Recent books for pleasure (redux)


Okay, okay, so I've not been that good at keeping you up to date about my 'leisure reading'. It's important to do this, I find, when you read books for work every day. If you don't then read for pleasure, the words all kind of merge together on the page. Something different but allied is always best, to keep you awake but away from tomes about governance, national identity, 'Britishness' and complexity (not necessarily in that order)!

Anyway, so this is what I've read with profit this last quarter:

Simon Winchester, Atlantic: A Vast Ocean of a Million Stories (2010) (and above). This was great. I've not always enjoyed Winchester's work before, finding the combination of a micro-study with macro-reflections tiring to read. But this is excellent - personal, reflective, vigorous and varied in its story telling. A bit of an unexpected treat.

Ryszard Kapuscinski, Travels with Herodotus (2007). This is lovely too, full of vignettes about the post-war world by the greatest of all travel writers.

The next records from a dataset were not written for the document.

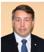
Uldis Augulis, labklājības ministrs

D a u d z o s Latvijas prezidentūras pasākumos akcentēta tieši invaliditātes politika, kas paredz nepieciešamību pilnveidot un attīstīt cilvēku ar invaliditāti iespējas, sekmēt viņu vienlīdzīgas iespējas.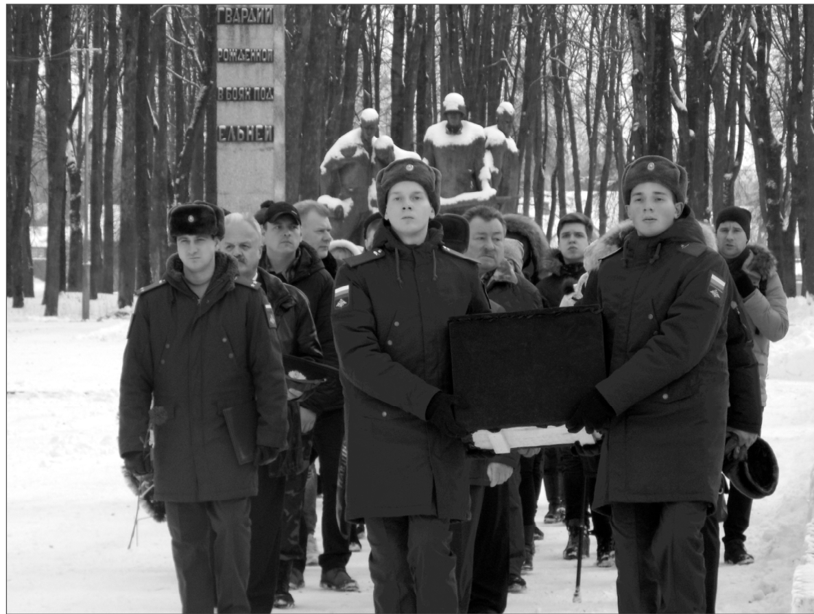
Траурная процессия направляется к месту захоронения.

значит и вернуть имя получается только одному солдату из ста.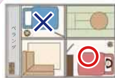
ベランダに面していない部屋で寝かせる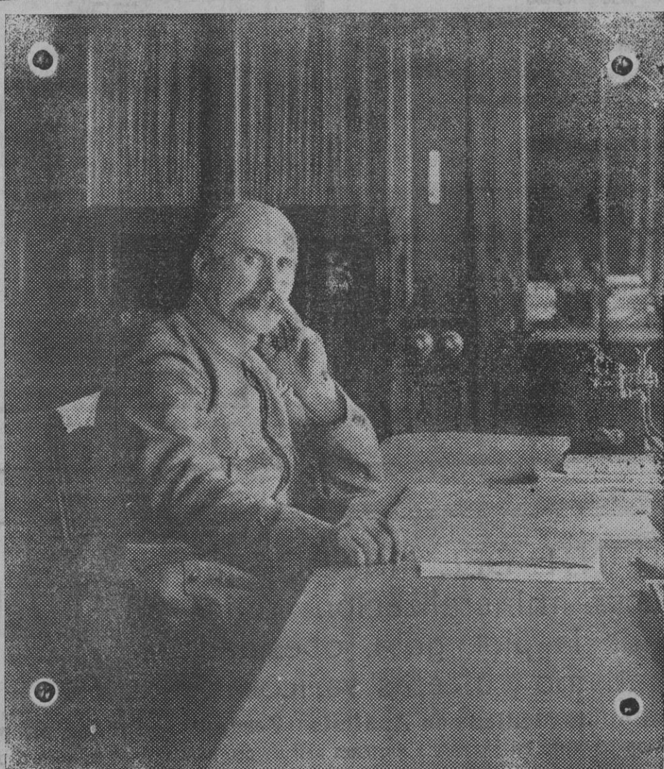
El general Petain, heroico defensor de Verdun, que ha sido nombrado jefe del Estado Mayor Central del Ejército francés.

LAS PALMAS, 5.—Por haber quedado incumplidas la ofertas del ministro de Fomento de enviar dinero á esta jefatura de Obras públicas para las carreteras, se han paralizado las obras, siendo despedidos los obreros.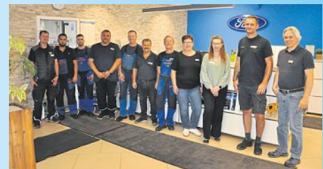
Das aktuelle Team freut sich auf Ihren Besuch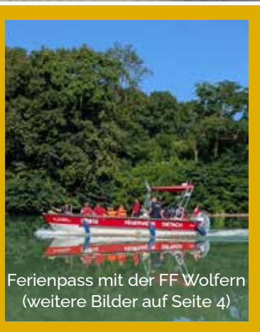
Ferienpass mit der FF Wolfers (weitere Bilder auf Seite 4)

HERBSTPROGRAMM 2025 Anmeldung ab Do, 04.09.2025 möglich! Seite 8-9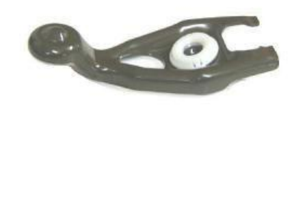
7006, HORQUILLA EMBRAGUE PEUGEOT 206-307, NEOTEK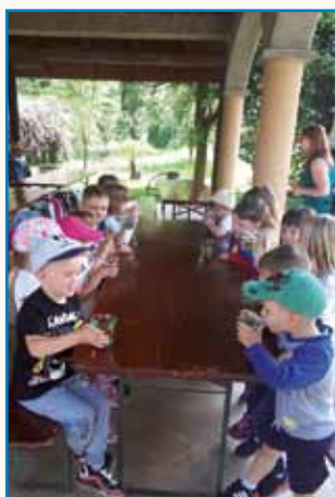
Z GORNJESENIŠKIMI MALČKI... stran 5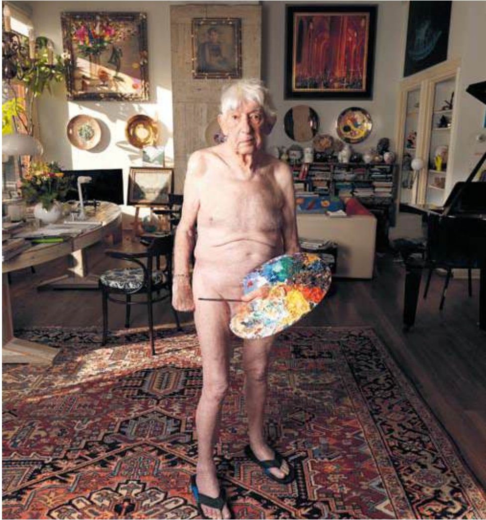
Aat in de woonkamer, naakt, met palet, 2018. © Venus Veldhoen

Leven en dood zijn in Aat Veldhoens werk met elkaar verstrengeld, het meest letterlijk in het schilderij met copulerende skeletten. Tot Zover, het museum op De Nieuwe Ooster, geeft een fascinerend inkijkje in het gedachtegoed van de levenskunstenaar die geobsedeerd was door de dood.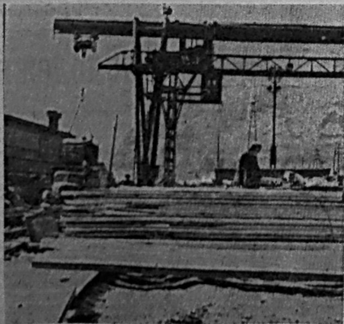
На снимках: монтажная площадка (ДОЗ); погрузка инертных на гравзаводе.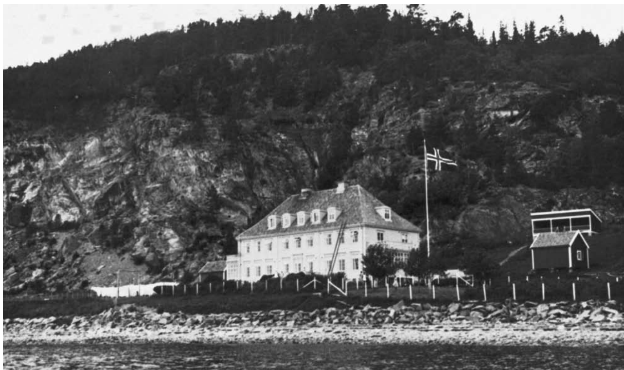
Kleivan barneheim./Kleivan off. skole. Postkort.

mere å leke med. Betjeningen er meget interessert i og hyggelige mot barna.”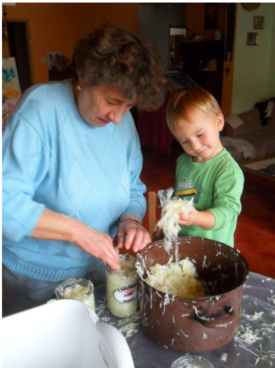
Obr. 31: Tuto fotografii jsem pořídila, když jsem zpovídala babičku. Jak můžete vidět, nelze ji zachytit, aby něco nedělala.

Do práce jsem šla v 16 letech. Já jsem chodila 8 let do školy a šla jsem tehdy na hospodářskou školu, což je dnešní ekonomka. To bylo na dva roky, tím pádem jsem v šestnácti vychodila školu a šla do práce. Celý život jsem dělala administrativní práci. Já jsem byla v OSP, tam jsem dělala účetní. Pak jsem přešla do fabriky, kde se vyráběly boty, tam jsem dělala rok účetní a potom, když mistr na provoz odešel do důchodu, tak jsem šla dělat mistrovou. Potom tam výroba skončila, to jsem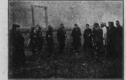
Засудженням болгарських комуністам читають смертний присуд.

Японія приступає до виконання програми своїх морських зброєнь. Мають бути вибудовані в прешу чергу 4 кружляки і 4 торпедовці. Обі держави над Тихим Океаном, себ-то Залуцянською Японія та випередки роблять морські зброєння.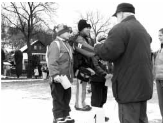
na stupních vítězů ti nejlepší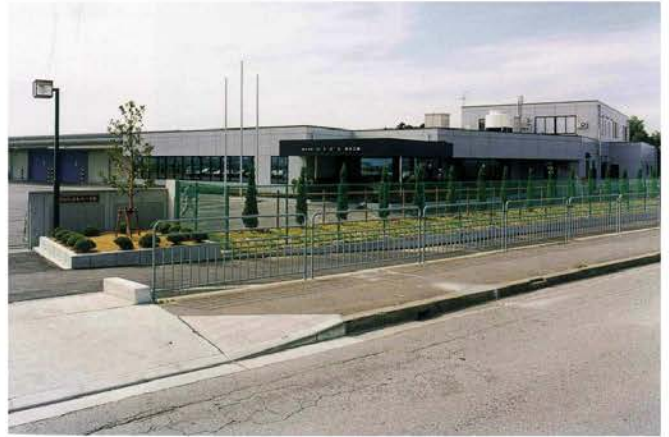
(株)にしばた 坂井工場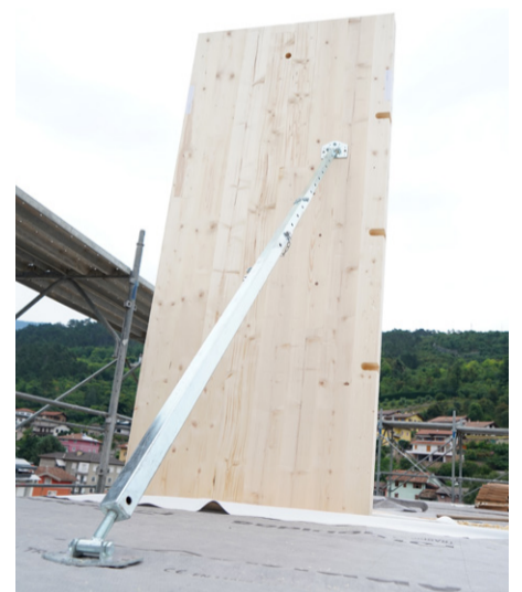
^ GIRAFFE MONTAGESTÜTZE

Und schließlich haben wir nun ein Sortiment neuer, spezifischer Montageschablonen für unsere gängigsten Befestigungen, darunter Schablonen für die präzise 45°-Montage unserer Schrauben als auch Schablonen zur Montage und Befestigung der legendären Balkenträger ALU wie auch anderer Lösungen. Mit unserem neuen Katalog bieten wir das notwendige Minimum, damit bei jeglicher Arbeit im Holzbau das Maximum erzielt werden kann“, versichert Dal Ri abschließend.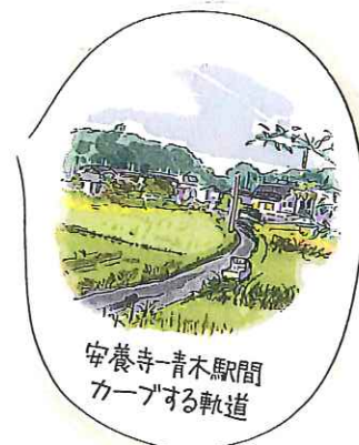
安養寺-青木駅間 カーブする軌道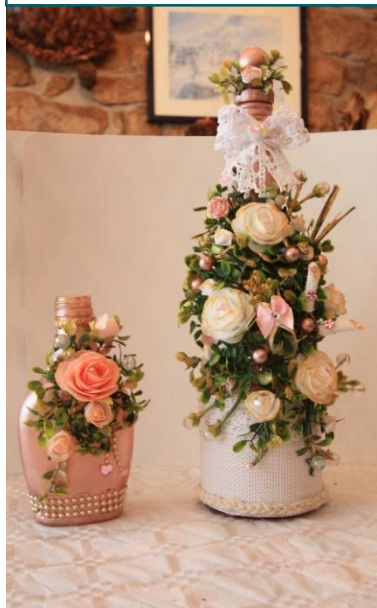
Lot N° 8 de 2 pièces : 20€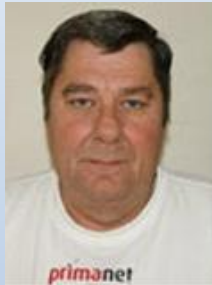
Keld Skaarup Ørsted Accept Genvalg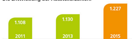
Die Entwicklung der Ausstellerzahlen: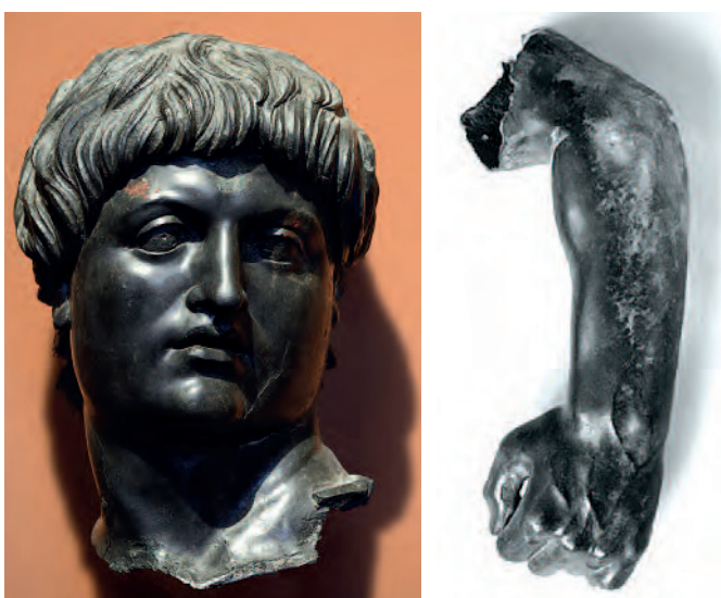
(Figura 9) Posible Cabeza y cuello de una escultura ecuestre de bronce procedente de Cilicia (Turquía), actualmente en el Museo De Louvre (París).

Precisamente la disposición particular del flequillo ligeramente ondulado favorece la hipótesis de que se trata de un príncipe de la familia Julio-Claudia [10], incluso tiene bastantes semejanzas con el retrato neroniano representado en las emisiones monetarias de su primera etapa, aunque en las acuñaciones de la reforma monetaria del año 64, no luce ya este estilo de peinado, sino una melena más larga que cae sobre su cuello. Un estudio paralelo de esta escultura con otros retratos de este príncipe Julio-Claudio, analizando su rostro permitiría establecer su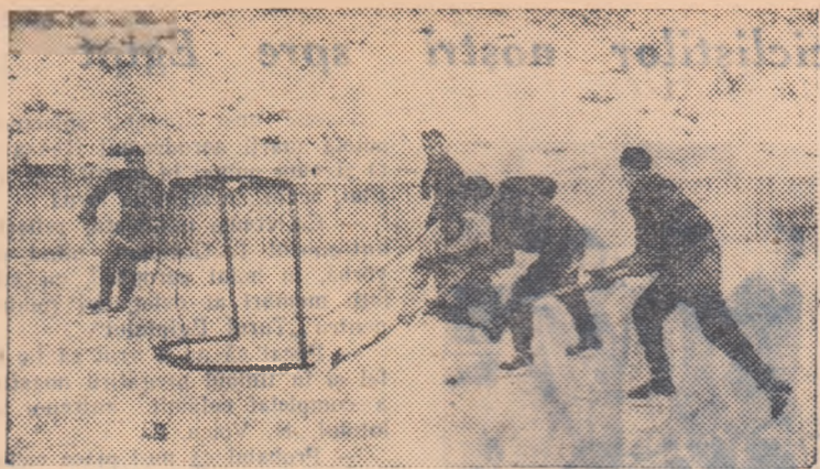
A început activitatea oficială la hochei pe gheață. Insa, cu mult înainte echipele noastre și-au început pregătirile. Iată o fază de la un antrenament.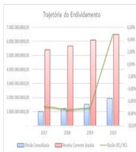
Gráfico 2 – Evolução do endividamento de Salvador

O gráfico abaixo indica a trajetória da dívida consolidada do município e de sua RCL entre os exercícios de 2017 e 2020. Nas barras de cor azul e vermelha, respectivamente, é possível observar um maior crescimento, em valores absolutos, da RCL em detrimento ao endividamento nos três primeiros períodos, porém, para o último período, 2020, tal crescimento se inverte com o aumento da dívida em maior volume que o da RCL.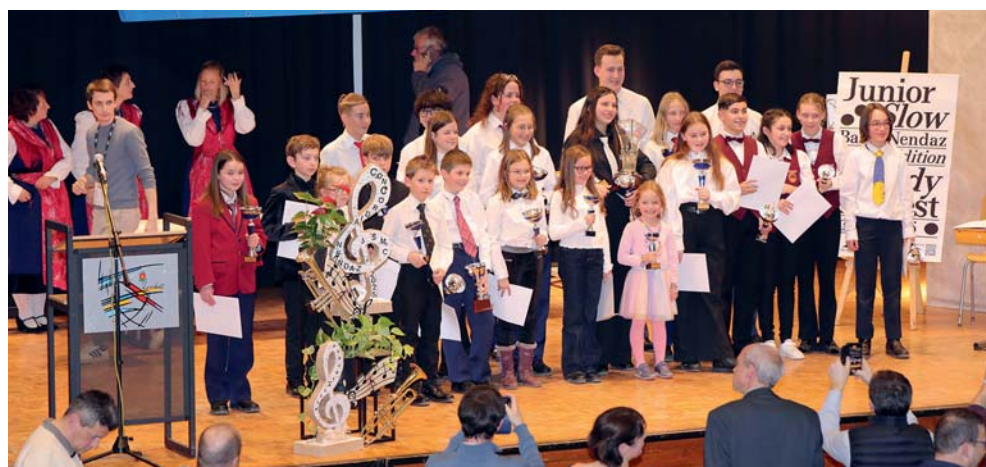
Les solistes classés en premières, deuxième et troisième places de toutes les catégories.

Société organisatrice, la fanfare La Concordia de Nendaz renouvelle ses chaleureux remerciements aux autorités, sociétés amies, sponsors et bénévoles qui ont contribué au plein succès de la manifestation.

I found the Herodotus trope a bit contrived and I lost the thread sometimes, but you know what? I think that was my fault.

Nassim Nicholas Taleb, The Black Swan: The Impact of the Highly Improbable (2007). There are some great stories here - counter-intuitive examples about how we don't think unlikely things can happen. Almost impossible things go on, of course, all the time. But how do we spot them? Taleb isn't as clear about this, but I suppose that would be the real trick.

Kate Atkinson, Started Early, Took My Dog (2010). This is more like it. I loved this, like I loved all the other 'Jackson Brodie' novels. Now there was less Brodie in this one, and more retired-policewoman-and-enigmatic-non-talking-girl. It was still a lovely piece of story telling that managed to be warm and sinister at the same time. Quite a feat.

Howard Jacobson, The Finkler Question (2010). Elderly North London Jewish guys ruminate about life, love, politics and betrayal. I think I missed some of the references, and I got the distinct impression that this book wasn't aimed at me, but it was still elegiac, moving and clever.

Michael Moorcock, The Coming of the Terraphiles (2010). A bit of a guilty pleasure this one, and a present. But Doctor Who? Cricket? Inter-galactic pirates? Aristocratic inter-stellar tourists? Lovely. A bit of crazy New SF comes to Doctor Who - better on the ideas front than the writing, but you can't have everything.

Alwyn Turner, The Man Who Invented the Daleks: The Strange Worlds of Terry Nation (2011). Also excellent, though better for context than in getting inside Nation's head... not only Doctor Who, but The Avengers, Survivors and Blake's Seven covered, and none the worse for it. Now turning my mind to 'A History of the Future in Twentieth Century' Britain, Nation's professional (though not personal) pessimism about that future will be a key strand.

So there we have it - some work themes interspaced with some fun. Ideal.